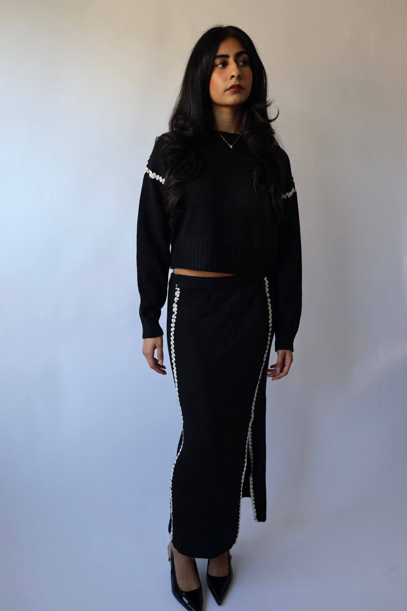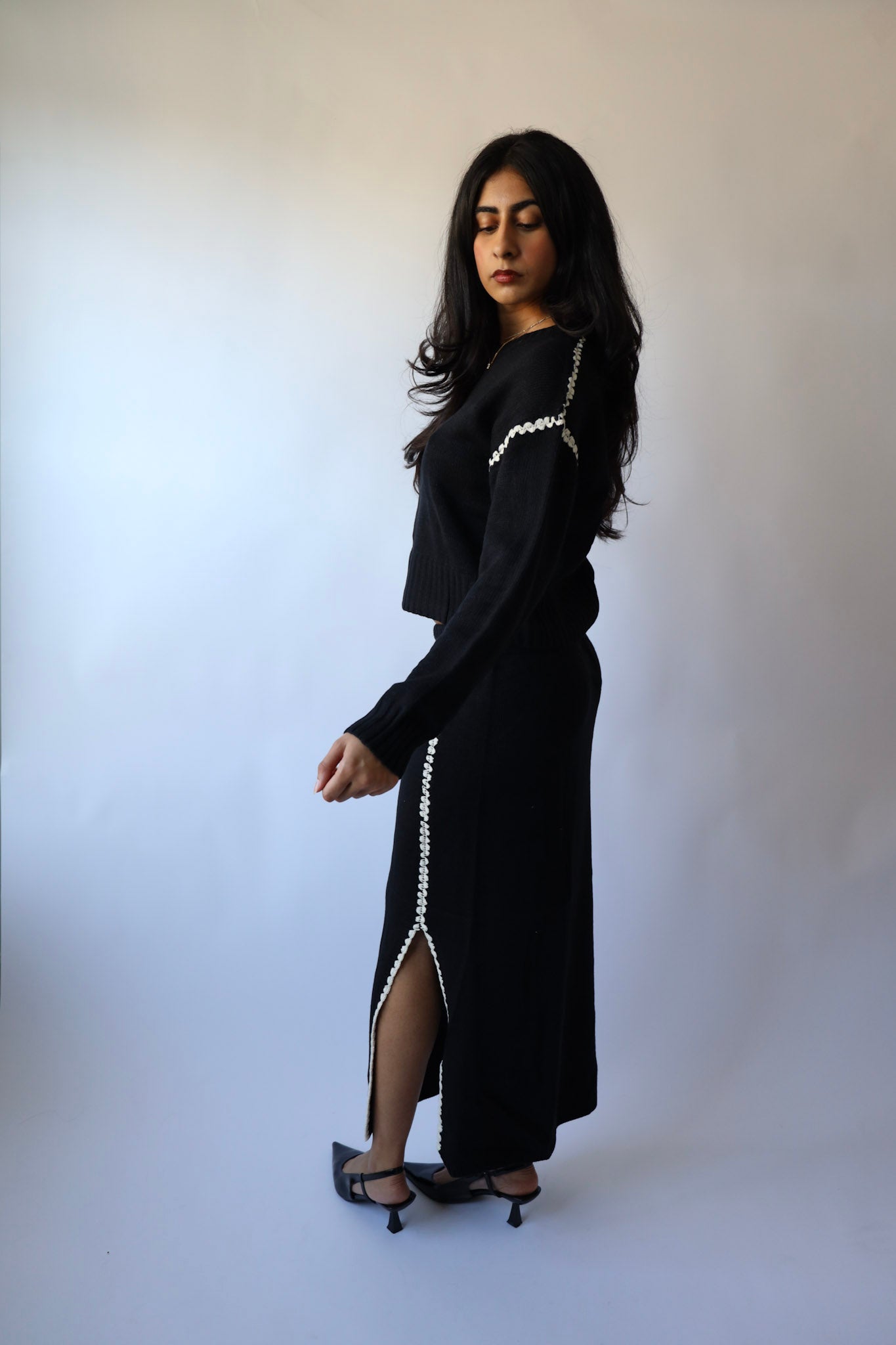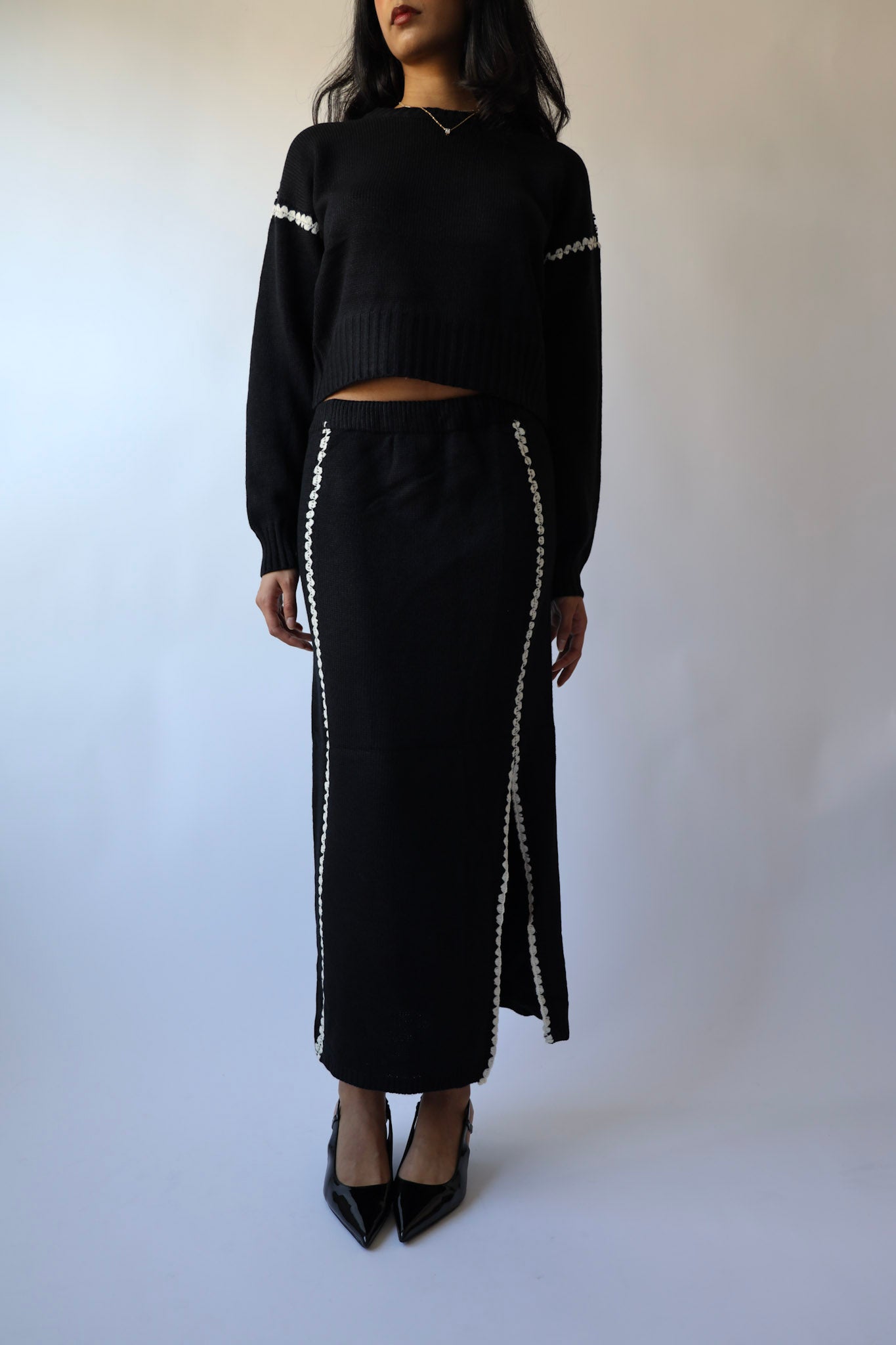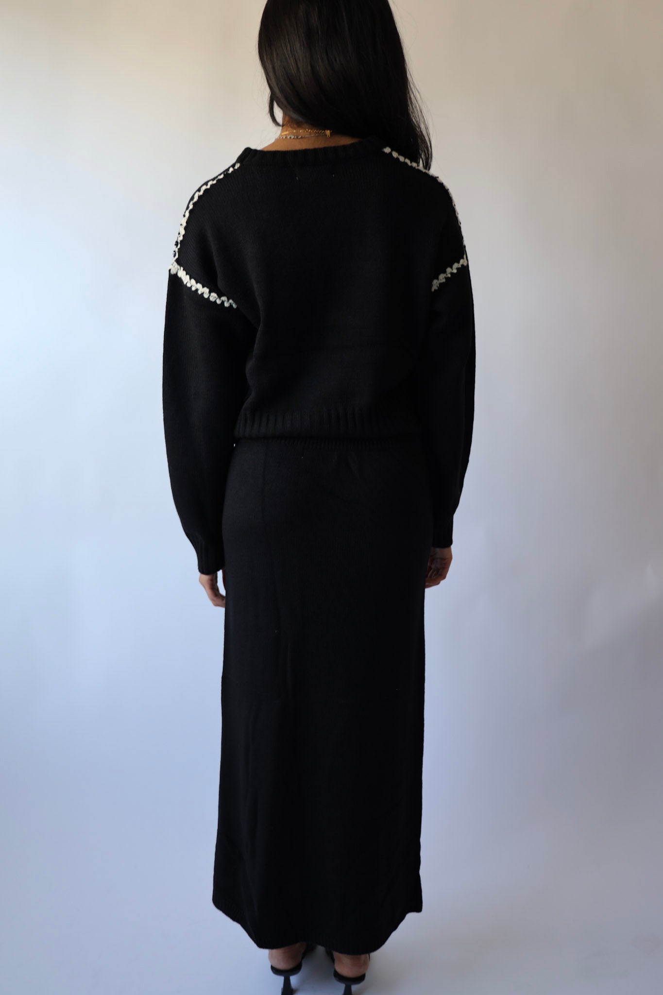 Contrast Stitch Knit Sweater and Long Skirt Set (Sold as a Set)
##############################
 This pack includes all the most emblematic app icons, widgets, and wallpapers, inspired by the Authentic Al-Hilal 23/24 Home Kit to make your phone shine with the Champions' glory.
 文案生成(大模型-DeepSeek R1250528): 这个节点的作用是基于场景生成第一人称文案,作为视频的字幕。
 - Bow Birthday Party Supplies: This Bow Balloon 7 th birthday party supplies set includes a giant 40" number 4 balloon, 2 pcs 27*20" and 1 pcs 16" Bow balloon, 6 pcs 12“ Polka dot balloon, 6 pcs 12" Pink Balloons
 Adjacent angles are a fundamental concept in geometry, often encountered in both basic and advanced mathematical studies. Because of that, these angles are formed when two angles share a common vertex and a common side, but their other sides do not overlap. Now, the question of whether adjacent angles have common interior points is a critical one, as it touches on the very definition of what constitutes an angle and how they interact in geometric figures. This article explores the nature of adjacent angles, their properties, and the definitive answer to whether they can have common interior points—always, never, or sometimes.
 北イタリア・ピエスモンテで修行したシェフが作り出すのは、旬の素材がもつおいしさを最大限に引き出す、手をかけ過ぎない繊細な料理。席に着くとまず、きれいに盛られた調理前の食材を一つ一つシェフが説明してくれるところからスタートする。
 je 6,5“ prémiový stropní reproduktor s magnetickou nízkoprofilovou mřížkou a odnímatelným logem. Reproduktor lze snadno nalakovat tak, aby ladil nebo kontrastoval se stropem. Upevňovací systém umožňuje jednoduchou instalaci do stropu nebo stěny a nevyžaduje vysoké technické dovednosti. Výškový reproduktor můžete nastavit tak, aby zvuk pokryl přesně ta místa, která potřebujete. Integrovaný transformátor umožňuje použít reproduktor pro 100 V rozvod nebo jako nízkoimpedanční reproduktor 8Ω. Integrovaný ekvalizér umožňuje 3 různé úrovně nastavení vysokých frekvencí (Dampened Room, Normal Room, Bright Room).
##############################
What is required: Starting at the line with "Adjacent angles are" and ending at the line with "Room, Bright Room).", print each line of the listing above exactly, with no other lines.

Result of the exercise:
 Adjacent angles are a fundamental concept in geometry, often encountered in both basic and advanced mathematical studies. Because of that, these angles are formed when two angles share a common vertex and a common side, but their other sides do not overlap. Now, the question of whether adjacent angles have common interior points is a critical one, as it touches on the very definition of what constitutes an angle and how they interact in geometric figures. This article explores the nature of adjacent angles, their properties, and the definitive answer to whether they can have common interior points—always, never, or sometimes.
 北イタリア・ピエスモンテで修行したシェフが作り出すのは、旬の素材がもつおいしさを最大限に引き出す、手をかけ過ぎない繊細な料理。席に着くとまず、きれいに盛られた調理前の食材を一つ一つシェフが説明してくれるところからスタートする。
 je 6,5“ prémiový stropní reproduktor s magnetickou nízkoprofilovou mřížkou a odnímatelným logem. Reproduktor lze snadno nalakovat tak, aby ladil nebo kontrastoval se stropem. Upevňovací systém umožňuje jednoduchou instalaci do stropu nebo stěny a nevyžaduje vysoké technické dovednosti. Výškový reproduktor můžete nastavit tak, aby zvuk pokryl přesně ta místa, která potřebujete. Integrovaný transformátor umožňuje použít reproduktor pro 100 V rozvod nebo jako nízkoimpedanční reproduktor 8Ω. Integrovaný ekvalizér umožňuje 3 různé úrovně nastavení vysokých frekvencí (Dampened Room, Normal Room, Bright Room).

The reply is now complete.